# Linear transformation and indepence problem

• Jan 29th 2008, 10:40 PM
lllll
Linear transformation and indepence problem
I am having trouble with a problem and am in need of some help.
V & W are vector space, and T:V->W is linear.
T is 1 to 1 and S is a subset of V. Prove that S is linearly independent if and only if T(S) is linearly independent.

I have started the problem but am really uncertain of my approach. So far I have
S=(a1,a2,...,an)
V=(a1,a2,...,an,an+1,...,an+k)

Sum [biT(ai)] = 0 where i=1,2,...n
T[Sum bi(ai)] = 0

therefore there should exist some c such that

Sum [bi(ai)] = Sum ci(ai)

Is what I have done even correct?
• Jan 30th 2008, 06:48 AM
ThePerfectHacker
Quote:

Originally Posted by lllll
I am having trouble with a problem and am in need of some help.
V & W are vector space, and T:V->W is linear.
T is 1 to 1 and S is a subset of V. Prove that S is linearly independent if and only if T(S) is linearly independent.

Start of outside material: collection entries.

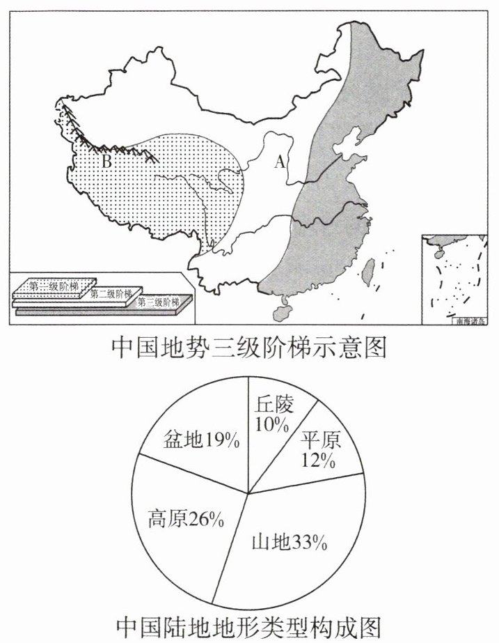 海。(2)“中国地势三级阶梯示意图”中 B 为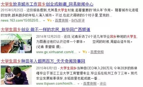 在百度里輸入“大學(xué)生 回鄉(xiāng)”兩個關(guān)鍵詞,搜索到的內(nèi)容達到273萬條。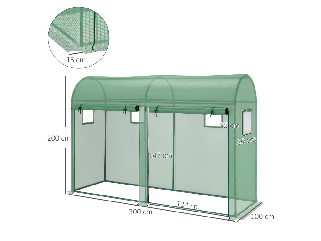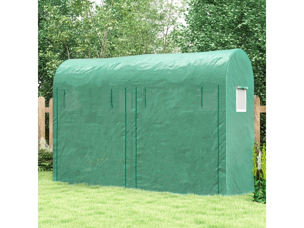 Fóliový skleník Outsunny Skleník na rajčata 300 x 100 x 200 cm se 4 okny a 2 dveřmi z PE plastu a oceli, ideální pro zahradu a zahradní centrum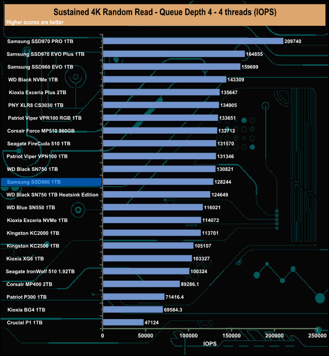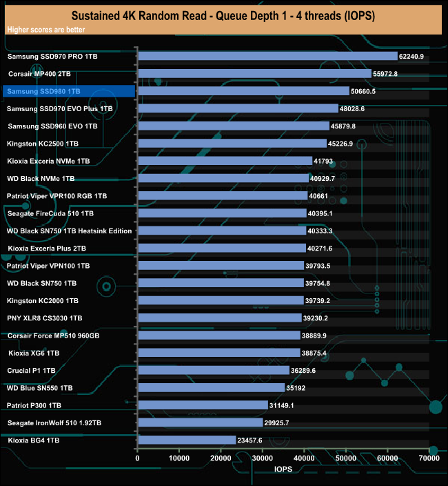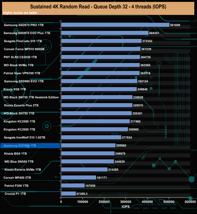 In our 4-threaded random read test, the drive peaked at 250,960 IOPS (1027.93MB/s). Samsung quote two 4K random read figures for the drive, up to 17,000 IOPS at QD1 using a single thread and up to 500,000 IOPS at QD32 using 16 threads. Our 4-threaded test results sit comfortably between the two official figures.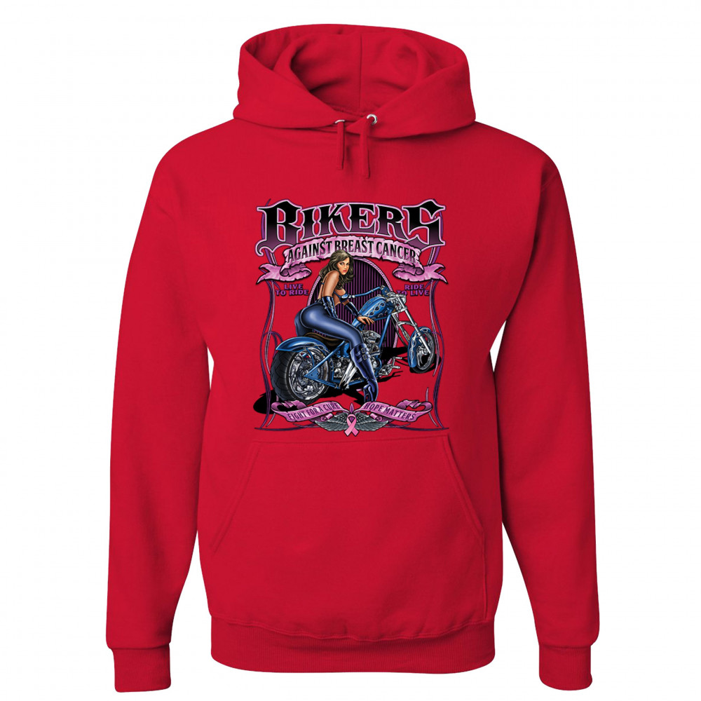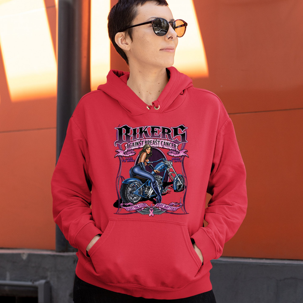 A print featuring a badass biker chick leaning on a chopper. The print says: "Bikers against breast cancer. Live to ride. Ride to live." At the bottom of the print there are two stripes with "fight for a cure, hope matters" written on them. Between the st

Let $S = \{ a_1, ... a_n\}$ and suppose this set is linearly independent. Then $T(S) = \{T(a_1),...,T(a_n)\}$. Suppose there exists $c_1,...,c_n$ (in the field) such that $c_1T(a_1) + ... + c_nT(a_n) = 0$ thus $T(c_1a_1+...+c_na_n) = 0$. But since $T$ is one-to-one its kernel is the zero-vector thus $c_1a_1+...+c_na_n \implies c_1 = c_2 = ... = c_n$. Thus, $\{T(a_1),...,T(a_n) \}$ are linearly independent.
• Jan 30th 2008, 08:13 PM
lllll
Would it be a similar prove if S was a basis instead of a subset?